Prompt>
Output each record below exactly as it stands, leaving out the pictures.

Exercise material>
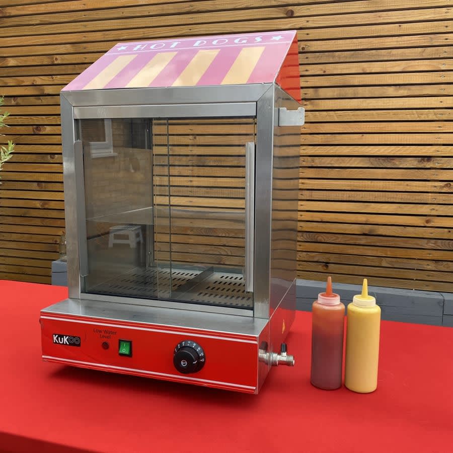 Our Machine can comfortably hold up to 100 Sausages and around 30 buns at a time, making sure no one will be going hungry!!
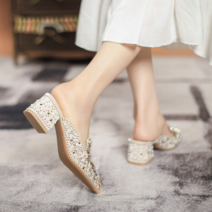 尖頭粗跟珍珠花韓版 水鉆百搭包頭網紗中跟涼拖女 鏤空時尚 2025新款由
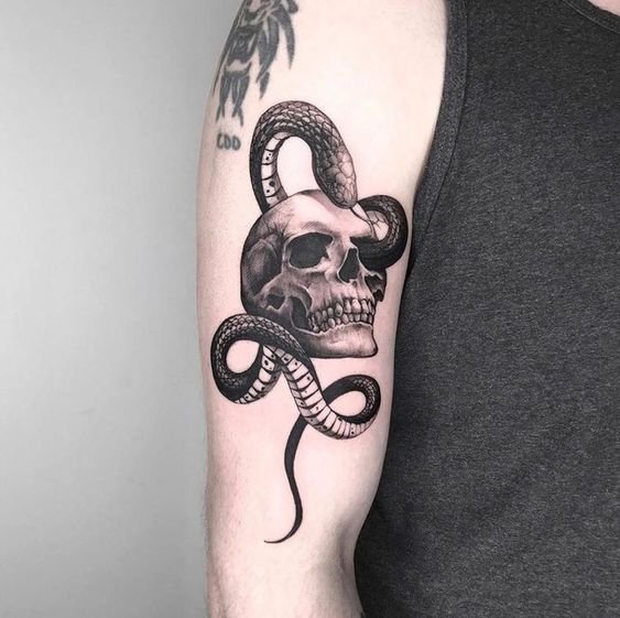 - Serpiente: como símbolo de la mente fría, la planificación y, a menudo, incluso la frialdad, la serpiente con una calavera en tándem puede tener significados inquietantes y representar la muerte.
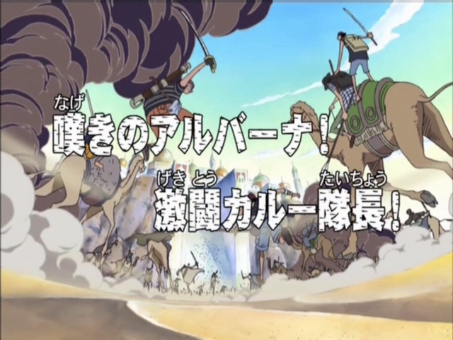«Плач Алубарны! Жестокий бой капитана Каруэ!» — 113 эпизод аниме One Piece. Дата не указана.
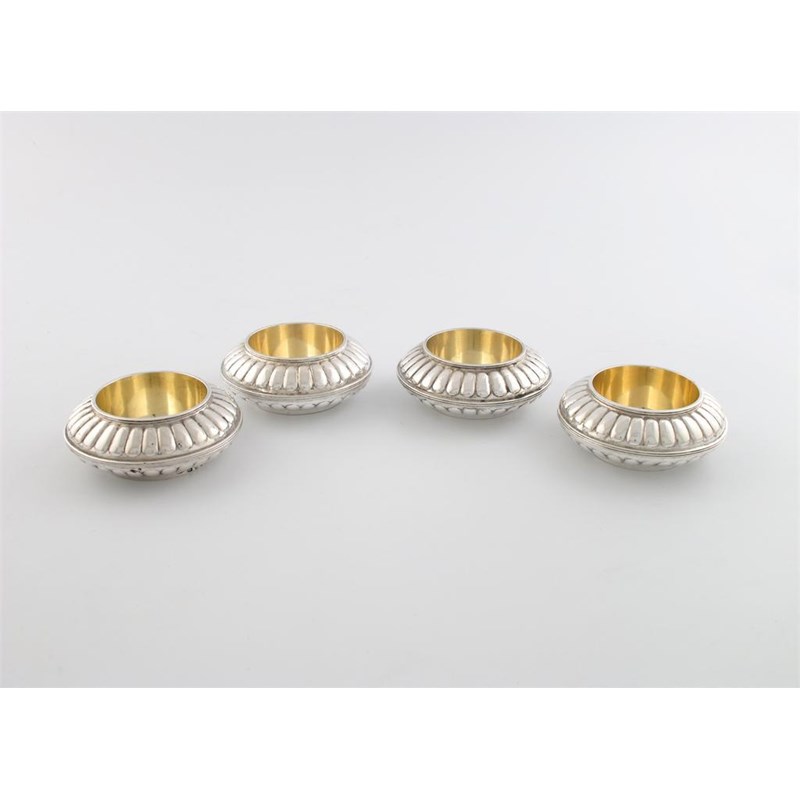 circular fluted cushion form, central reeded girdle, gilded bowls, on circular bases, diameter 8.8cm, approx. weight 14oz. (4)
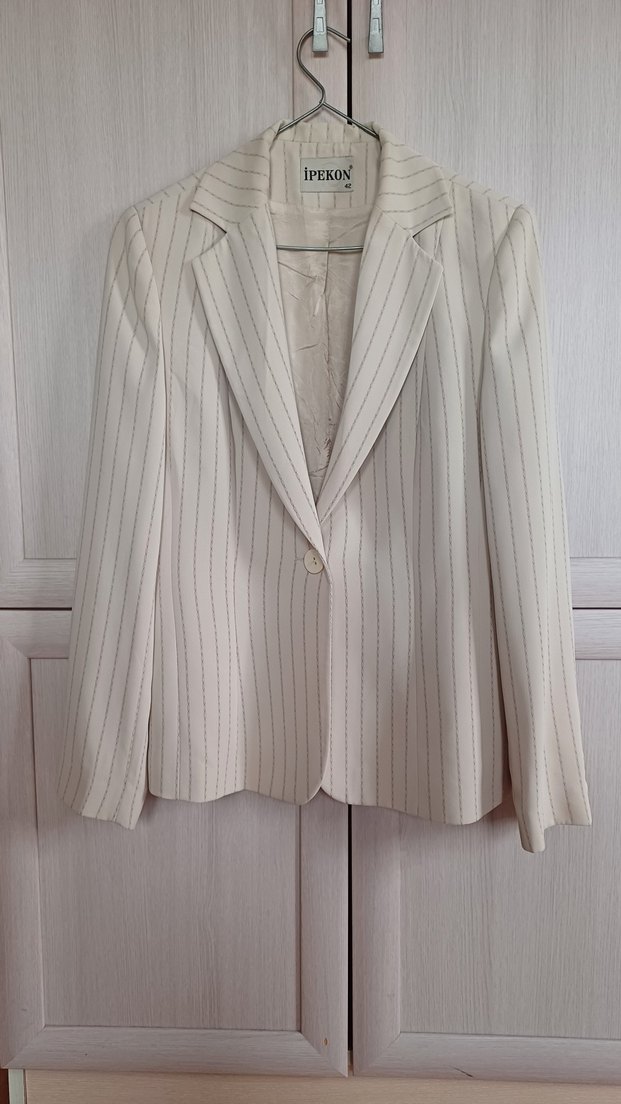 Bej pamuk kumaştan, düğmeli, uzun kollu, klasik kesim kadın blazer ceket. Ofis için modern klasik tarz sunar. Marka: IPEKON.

Output below>
 Our Machine can comfortably hold up to 100 Sausages and around 30 buns at a time, making sure no one will be going hungry!!
 尖頭粗跟珍珠花韓版 水鉆百搭包頭網紗中跟涼拖女 鏤空時尚 2025新款由
 - Serpiente: como símbolo de la mente fría, la planificación y, a menudo, incluso la frialdad, la serpiente con una calavera en tándem puede tener significados inquietantes y representar la muerte.
«Плач Алубарны! Жестокий бой капитана Каруэ!» — 113 эпизод аниме One Piece. Дата не указана.
 circular fluted cushion form, central reeded girdle, gilded bowls, on circular bases, diameter 8.8cm, approx. weight 14oz. (4)
 Bej pamuk kumaştan, düğmeli, uzun kollu, klasik kesim kadın blazer ceket. Ofis için modern klasik tarz sunar. Marka: IPEKON.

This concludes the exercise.